# I'm free! I'm free!



## tsunami (Jan 24, 2004)

College finals are over as of now (~10 am CST). It's snowing here in Chicago, but in a few hours I will be basking in the warmth of Miami again.  

Carlos


----------



## jerseyjay (Jan 25, 2004)

Congratulation. 

I hope setting up Nano tank and working soo many hours on that 20Long, had no adverse reaction on your finals :lol: 

Enjoy warm temperature and keep us posted with 55gallon progress. This was the only thing that I liked about school - long breaks and vacation. Corporate world is thought. Enjoy your school days :wink:


----------



## gnome (Jan 27, 2004)

Oh, shoot. I didn't see this post... Carlos, I picked up the Polygonum sp. for you, yesterday. I sent an e-mail last night, but I guess it was too late. I'm really reluctant to send it to Miami again, but I'll do it if you want. I've already packaged it up and everything. What awful timing... 

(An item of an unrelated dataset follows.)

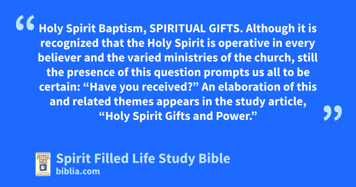 Holy Spirit Baptism, SPIRITUAL GIFTS. Although it is recognized that the Holy Spirit is operative in every believer and the varied ministries of the church, still the presence of this question prompts us all to be certain: “Have you received?” An elaboration of this and related themes appears in the study article, “Holy Spirit Gifts and Power.”

Well, let me know what you want me to do. If I get it out by 2 PM it will probably reach you by Friday or Saturday. We could tack on delivery confirmation to be on the safe side. 

-Naomi


----------



## tsunami (Jan 24, 2004)

Jay,

I only work on the 20g long on Friday afternoons for a couple hours. I guess it does add up, but it's part of the hobby right? And the nano cube is pretty care free... gives me something to do between all those little study breaks at night (c'mon, I know that everyone here didn't study for hours on straight without a little break! ). 

I think I spend more time on the aquascaping weekly topics than on my tanks, come to think of it. :shock: I have to stream line that somehow.

Naomi,

I will email you later today. I'm a little backed up.

Carlos


----------



## Raul-7 (Feb 4, 2004)

I always enjoy taking "little" breaks between study-time! Even better to stare at your tank after hours of studying(something like Pre-Cal which is killing me!)...Carlos, pets-warehouse.com sells Polygonum sp, 12 lots for $6.88. I'm not sure what they exactly mean by lots, is it the number of stems or bunches? :?


----------